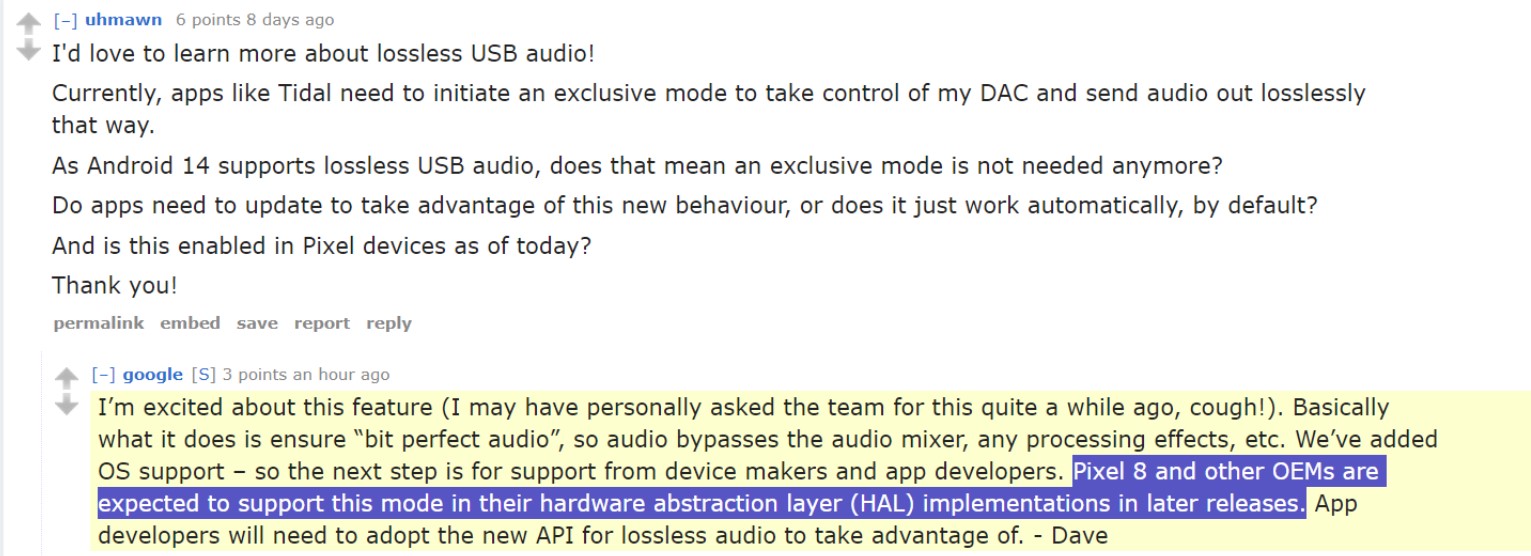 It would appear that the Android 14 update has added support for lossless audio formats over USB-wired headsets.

┄┄┄┄┄┄┄┄┄┄

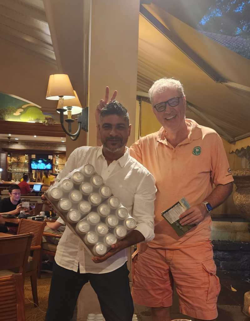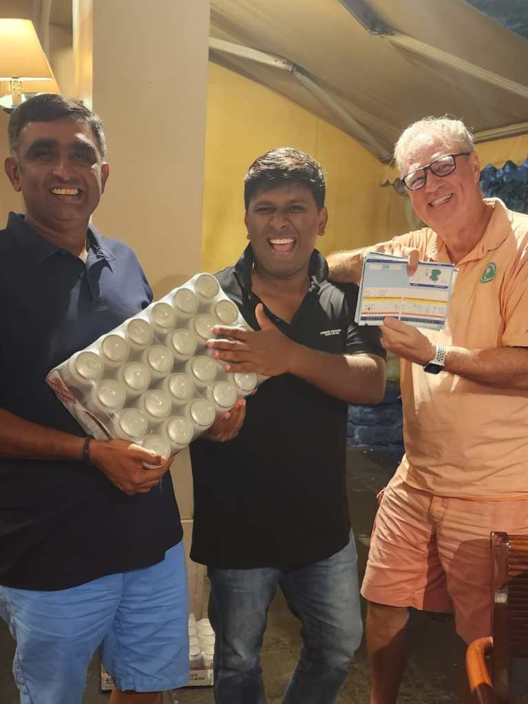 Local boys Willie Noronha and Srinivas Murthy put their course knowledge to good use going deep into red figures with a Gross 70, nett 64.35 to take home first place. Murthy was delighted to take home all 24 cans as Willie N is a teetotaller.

┄┄┄┄┄┄┄┄┄┄

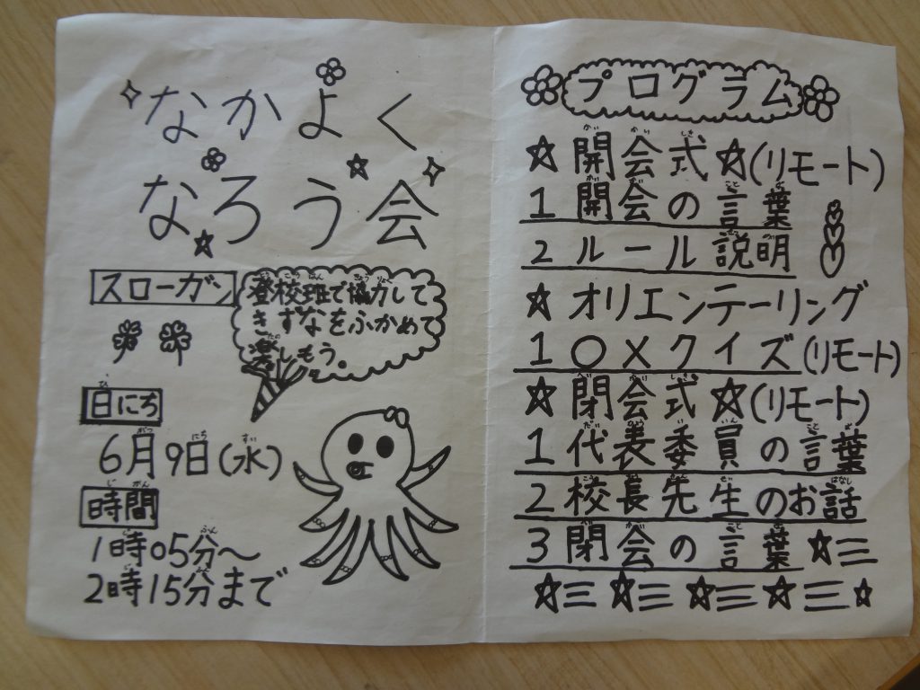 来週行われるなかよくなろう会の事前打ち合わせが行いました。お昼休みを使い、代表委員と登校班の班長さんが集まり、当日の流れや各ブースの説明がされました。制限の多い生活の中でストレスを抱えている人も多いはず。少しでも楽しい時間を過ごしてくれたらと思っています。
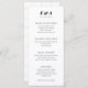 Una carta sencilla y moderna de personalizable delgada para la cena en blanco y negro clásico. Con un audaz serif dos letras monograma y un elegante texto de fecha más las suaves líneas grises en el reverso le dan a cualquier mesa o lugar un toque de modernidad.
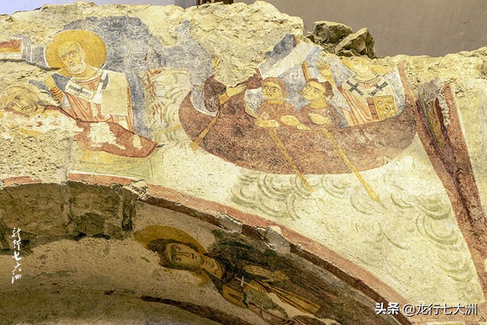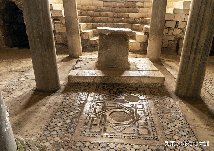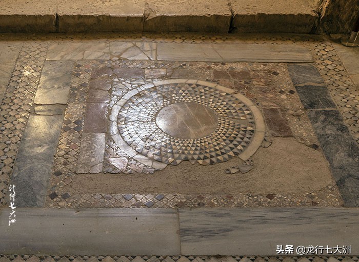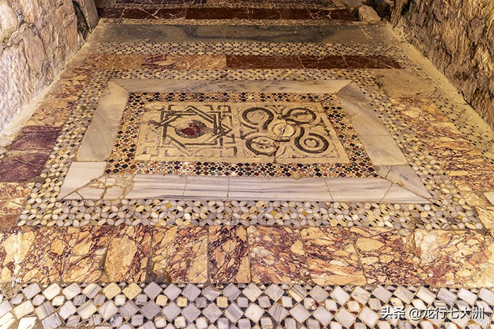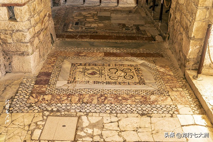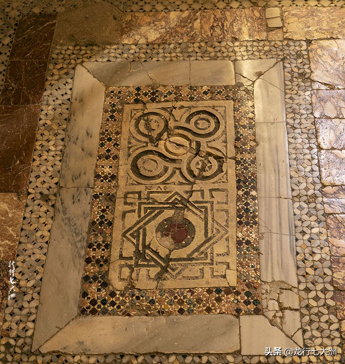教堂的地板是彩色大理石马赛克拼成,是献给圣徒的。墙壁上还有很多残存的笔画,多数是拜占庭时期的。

┄┄┄┄┄┄┄┄┄┄

## What you should do:
Would you give again, exactly, the lines in the data above that run from the line containing "Una carta sencilla" to the line containing "教堂的地板是彩色大理石马赛克"? Include both ends and no pictures.

## Solution to the exercise:
 Una carta sencilla y moderna de personalizable delgada para la cena en blanco y negro clásico. Con un audaz serif dos letras monograma y un elegante texto de fecha más las suaves líneas grises en el reverso le dan a cualquier mesa o lugar un toque de modernidad.
教堂的地板是彩色大理石马赛克拼成,是献给圣徒的。墙壁上还有很多残存的笔画,多数是拜占庭时期的。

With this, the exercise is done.